African influence on Brazilian culture. African influence

Moleque, okra, cornmeal, youngest and cornmeal. Cachaça, dengoso, delicacy, berimbau and maracatu. All these words in the Brazilian vocabulary are of African origin or refer to some practice developed by enslaved Africans who came to Brazil during the colonial period and imperial. They express the big african influence that exists in Brazilian culture.

The existence of slavery in Brazil for almost four hundred years, in addition to having constituted the basis of the material economy of Brazilian society, also influenced its cultural formation. The miscegenation between Africans, indigenous peoples and Europeans is the basis of population formation in Brazil. In this way, the African matrix of society has a cultural influence that goes beyond vocabulary.

The fact that African female slaves were responsible for the kitchen of plantations, farms and large houses in the countryside and the city allowed the spread of African influence in the food. Culinary examples of African influence are vatapá, acarajé, pamonha, mugunzá, caruru, okra and chayote. Spices were also brought from Africa, such as peppers, coconut milk and palm oil.

At the religious aspect Africans always sought to maintain their traditions according to the places from which they left the African continent. However, the need to adhere to Catholicism has led several groups of Africans to mix the African continent religions with European Christianity, a process known as syncretism religious.
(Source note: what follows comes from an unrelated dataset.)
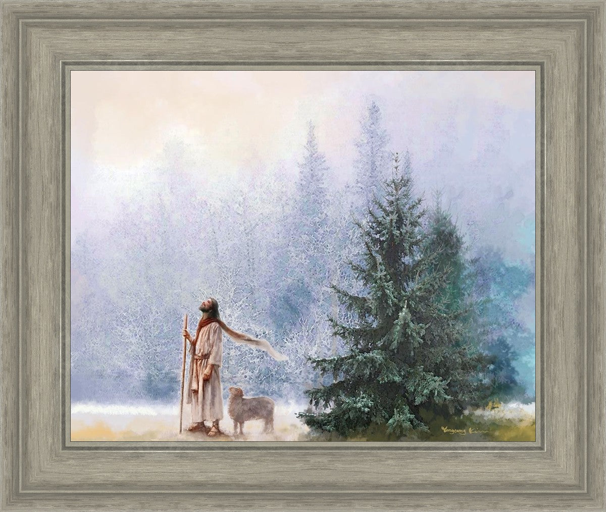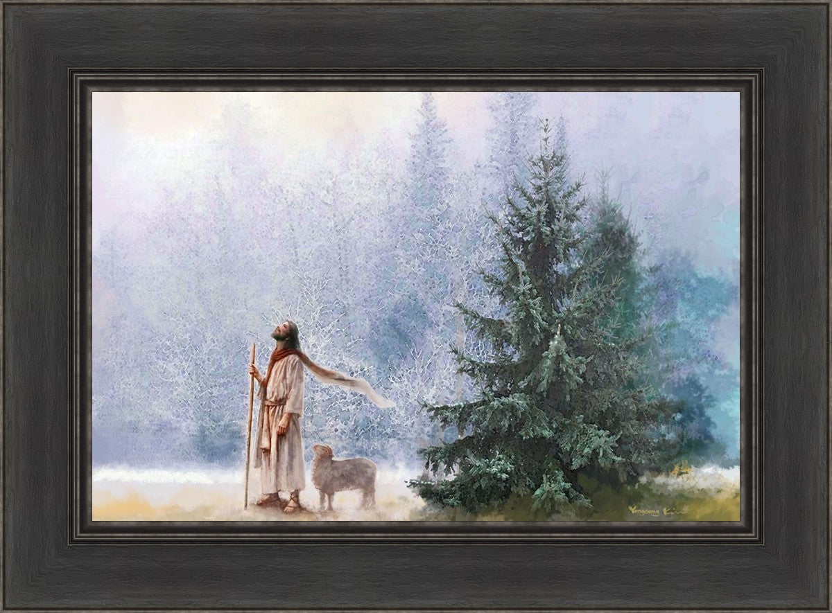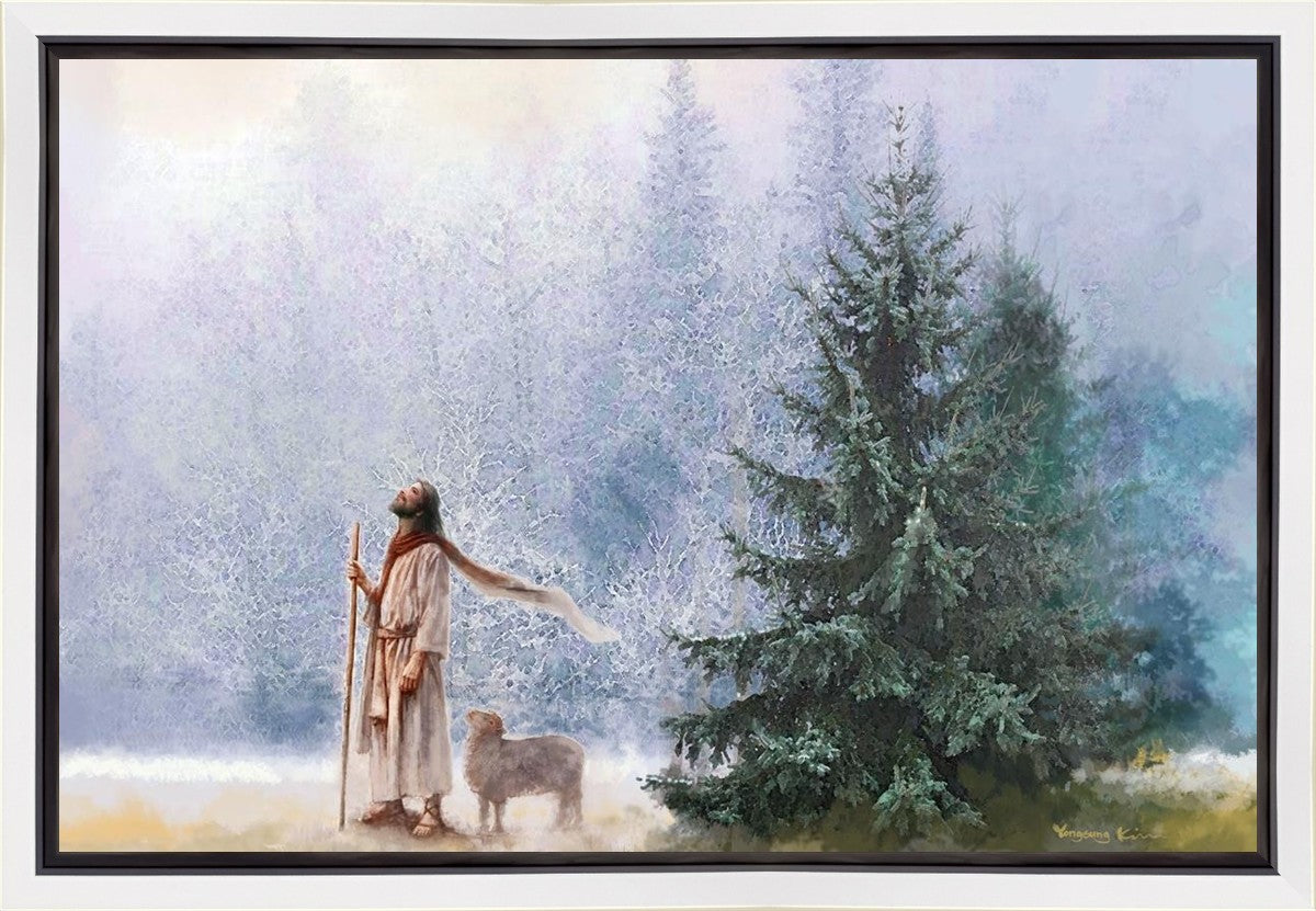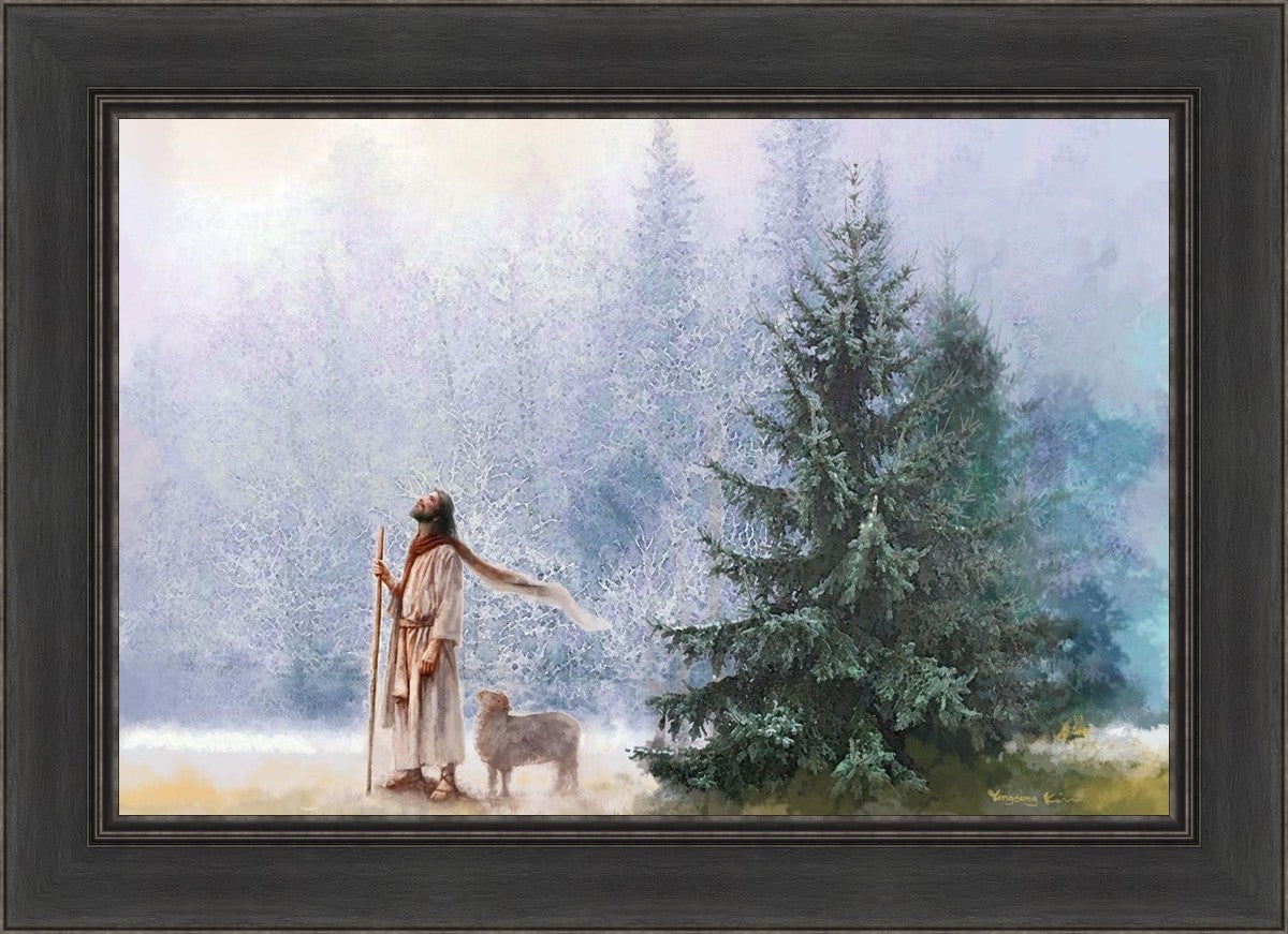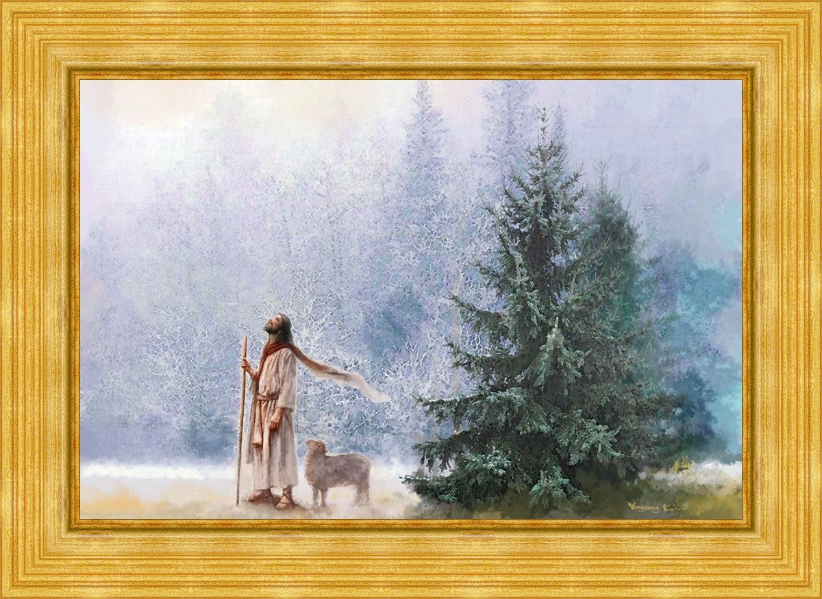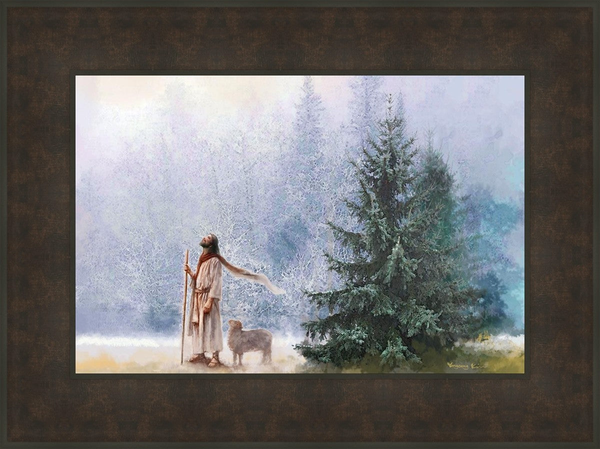 Heavenward by Yongsung Kim depicts Jesus, surrounded by trees, walking with a lamb and looking upward to the Heavens.

Examples of African religious participation are candomblé, umbanda, quimbanda and catimbó.

Some African religious deities linked to the forces of nature or everyday facts were brought closer to characters from Catholicism. For example, Iemanjá, who for some African ethnic groups is the goddess of water, in Brazil was represented by Our Lady. Xangô, the lord of lightning and storms, was represented by St. Jerome.


The practice of capoeira is also an African cultural influence

Samba, afoxé, maracatu, congada, lundu and capoeira are examples of African influence in songthat remain until the present day. Urban popular music in Imperial Brazil had in slaves who worked as barbers in Salvador and Rio de Janeiro one of its richest expressions. Instrumentssuch as the tambourine, atabaque, cuíca, some types of flute, marimba and berimbau are also African heritages that are part of Brazilian culture. corners, like jongo, or dances, like the umbigada, are also cultural elements from Africans.

Historians like João José Reis even affirm that this culture of the black diaspora, this culture of Africans coming from the continent, characterized by optimism, courage, musicality and aesthetic and political daring, it was incomparable in the context of the so-called Civilization Western. As life in American lands was not easy, having to fight to survive, cultural creation “with the expression of freedom that black culture possesses” was “a double fight” to impress on Brazilian culture its influence.[1]

Note

[1] REIS, João José Reis. Slave Resistance in Bahia. “We can play, play and sing...”: slave protest in America. Revista Afro-Asia, nº 14, p. 107-108, 1983.